You’ve never been one to notably detest humiliation. It’s productive – healthy, even – in smaller doses; a fitting consequence for those who you deem deserve it. Yet, as you find yourself unceremoniously hoisted over Miguel’s shoulder, forced into a meandering parade through the streets of New York, you breach into uncharted territory – a threshold where your tolerance encounters its breaking point. 
He makes no effort to soften his strides, unmoved by the idea of providing even a shred of respite for your susceptible self. If anything, it feels as though he deliberately seeks out the harshest terrain, silently chastising your earlier defiance in the most passive aggressive manner known to man. He’d reinforced your constraints before marching out on this fruitless venture, and now you bobble uselessly, backside pointed upward, anchored solely by the meaty arm around your knees. 

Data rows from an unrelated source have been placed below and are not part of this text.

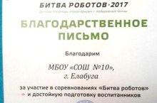 Поздравляем с ПОБЕДОЙ Латыпова Динара, Тазиева Рината, Зотина Светозара, Акманова Артура, Чернову Анастасию в соревнованиях «Битва роботов» в детском технопарке «Кванториум» г.Набережные Челны и наставника Попырину Елену Павловну за высокий уровень воспитанников
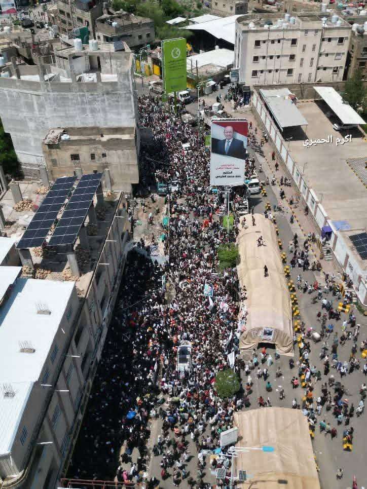 وجابت المسيرة شوارع المدينة وصولاً إلى مبنى المحافظة، حيث احتشد الآلاف من أبناء المدينة من مختلف الأحياء للتعبير عن استيائهم وسخطهم الكبير إزاء الجريمة البشعة التي أودت بحياة المشهري على يد عصابة مسلحة في وضح النهار، في حادثة هزت الرأي العام اليمني.
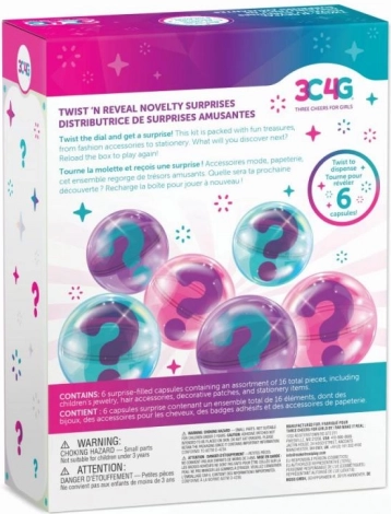 Odkrijte veselje s Twist and Reveal – zavrtite številčnico in razkrijte 16 presenečenj v 6 kapsulah. Čakajo vas modni dodatki, pisane pisalne potrebščine in ogromno zabave za neskončno igro. Kapsule lahko po razkritju ponovno napolnite in uporabljate znova, zato vznemirjenje nikoli ne konča. Odlično darilo za otroke od 8 let naprej.
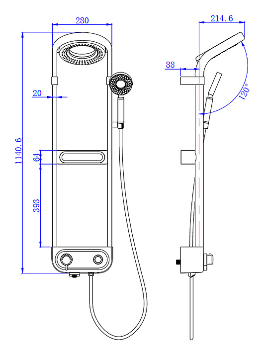 Душевая стойка AQUAme AQM8004B предназначена для использования в ванных помещениях. Модель оснащена круглыми верхним душем и ручной лейкой. Термостатический картридж обеспечивает подачу воды заданной температуры, что исключает ожоги. В комплект поставки входят верхний душ, ручной душ, термостат, штанга и держатель для душа. Особенности:
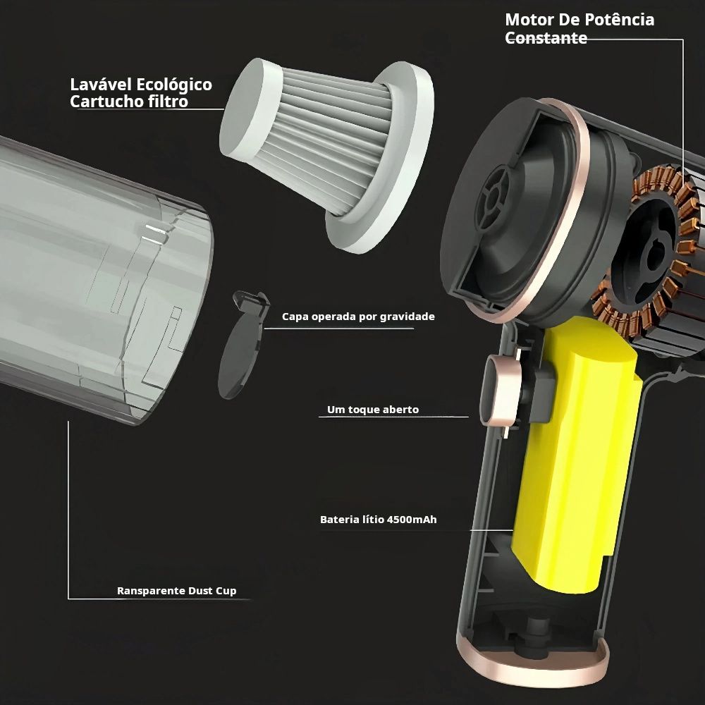 Design compacto, sucção potente, conveniente e prático para vários cenários.
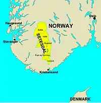 Setesdal (Urban East Norwegian: [ˈsêːtəsdɑːɫ];[1] older name: Sætersdal) is a valley and a traditional district in Agder County in southern Norway. It consists of the municipalities of Bykle, Valle, Bygland, Iveland, and Evje og Hornnes.
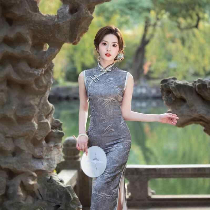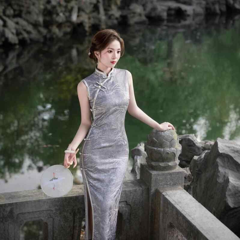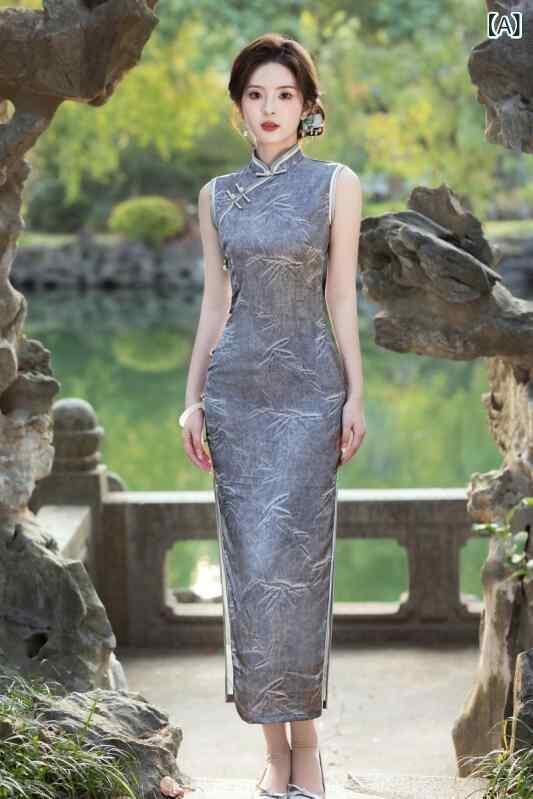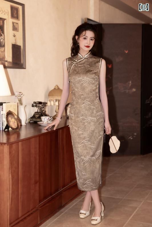 チャイナドレス レディース ネオチャイナ 優美 上品 レトロ 中国風 ロング丈 マキシ丈 ノースリーブ スタンドカラー 斜め襟 サイドスリット 普段使い ジャガードサテン ポリエステル 春夏 グレー ブラウン
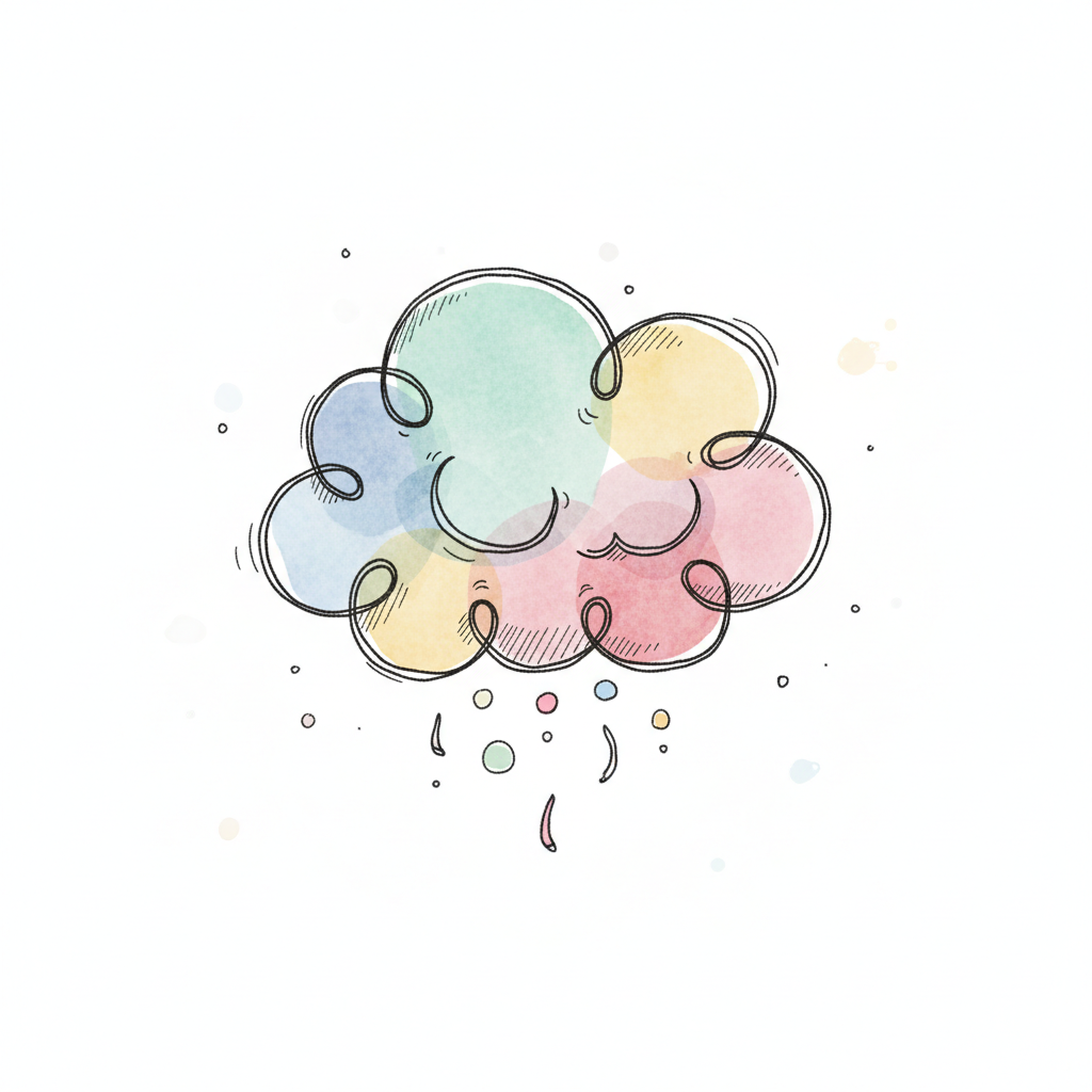 Zarte Aquarell-Illustration: Überlappende, pastellfarbene Kreise mit verspielten Elementen.

At least you’ve regained control of your mouth. 
“D’stroyed it. Gone. Dearly d’parted–” 
“If you’re going to run that little mouth, then make it helpful.” 
“M’bein’ helpfoo,” you start, straining your weakened vocal cords in an effort to mock him. The grip of paralysis may have slackened its hold, but neurotransmission remains at an all time, sluggish low. In all actuality, it astounds you that he can even begin to decipher your words from the tangled murmurs they become. 
“You had it on at the convenience, and a little bit afterward. You can’t expect me to believe that you dealt with it while running for your life.”
Running for your life. Sure. 
Displeasure sparks at the confidence he imbues in his assumption.
“Escoos m– hnngh–” A sudden jump of stress robs you of breath, your stomach plummeting alongside the rapidly distancing ground. As Miguel propels himself above the city skyline, effortlessly evading the crowded streets via a web he’d grappled to an adjacent building, you’re confronted with a stark reality – that this is the very first time you have ever, and likely will ever, experience what it’s like to swing. 
It’s exhilarating and nauseating all at once, gravity relinquishing its command as you transcend the confines of the physical, soaring through some reality where law loses significance. If it had been you, your arms and skill and jurisdiction, you’d never come down. But maybe that’s why it isn’t; maybe your life was meant to lead up to this, and only ever this. 
(Not antimatter technologies or heroic conquest. Yeah, this feels more fitting.) 
Your skin prickles. You phase through the sturdy frame that’s held you up so far, and plummet from its grasp.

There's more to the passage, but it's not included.